“Cayos in the Stream” by Harry Turtledove
Reviewed by Louis West.
“Cayos in the Stream,” by Harry Turtledove, is a fictionalized account of Ernest Hemingway’s life in Cuba during the early years of WW2. Driven but bored, Hemingway escapes into drink and raucous adventure while his third marriage disintegrates and Nazi subs hunt shipping in the Caribbean and the Gulf of Mexico. In real life, Hemingway did go U-boat hunting. In this story, he actually catches one.
For the Hemingway aficionado, this is probably a gold-mine of events and characterizations they can pour over and critique for hours. For me, I enjoyed Hemingway’s boisterous yet sometimes abrasive personality, his larger than-life presence and his haphazard, almost frenzied approach to both life and sub hunting, which I would describe as akin to catching a shark by dangling your legs overboard. Recommended, even though the editor missed several word and spelling errors.

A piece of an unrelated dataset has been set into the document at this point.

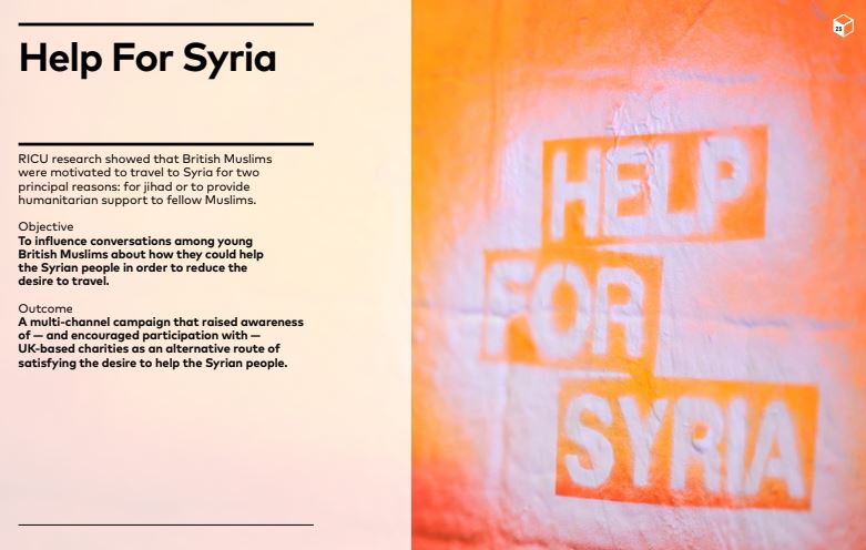 One example was RICU’s Help for Syria operation, which ran from 2013 to 2016: a website, Facebook page, YouTube channel and Twitter feed which appeared to be operated by a charity, but was actually run by RICU.

In V.E. Schwab’s “Warm Up” David dies in an avalanche, then wakes up again, seemingly unharmed, but his touch now burns anything and everyone. He can’t warm up, he’s always cold, his wife leaves him taking the kids, and he holes up in his house for 297 days. When he finally gets his burning touch under control, he decides to go out and enjoy his evening . . . until an avenging angel executes him. (Warning: spoiler.) The end has no relationship to the rest of the story, it just randomly appears. The story never establishes any kind of foundation to even suggest that other forces are at work behind the scenes. Very disappointed in this and not recommended.
“Work Sets You Free,” by David Barnett, left me bemused. Gideon has left his village, Sandsend, to look for a hero to help his village deal with some kind of murky danger: Monsters from the sea? Blood-sucking evil? It’s left up to the reader’s imagination to discern exactly what the danger is. Traversing through 1890s England, Gideon finds himself bamboozled into a work house, laboring for an alleged religious order, digging coal for sale to industry driven by steam-power. Gideon tries to escape but is foiled. He tries again and eventually succeeds to continue his hunt for “the Hero of the Empire.” (Yeah, you guessed it: spoiler.)
Barnett is an award-winning journalist who has published several collections of stories. Hinterland, for example, is primarily dark mystery and horror along the lines of the TV series Tales from the Darkside.” “Work Sets You Free,” however, just didn’t work for me and doesn’t live up to the quality of his earlier work — I never cared for Gideon nor cared what happened to him.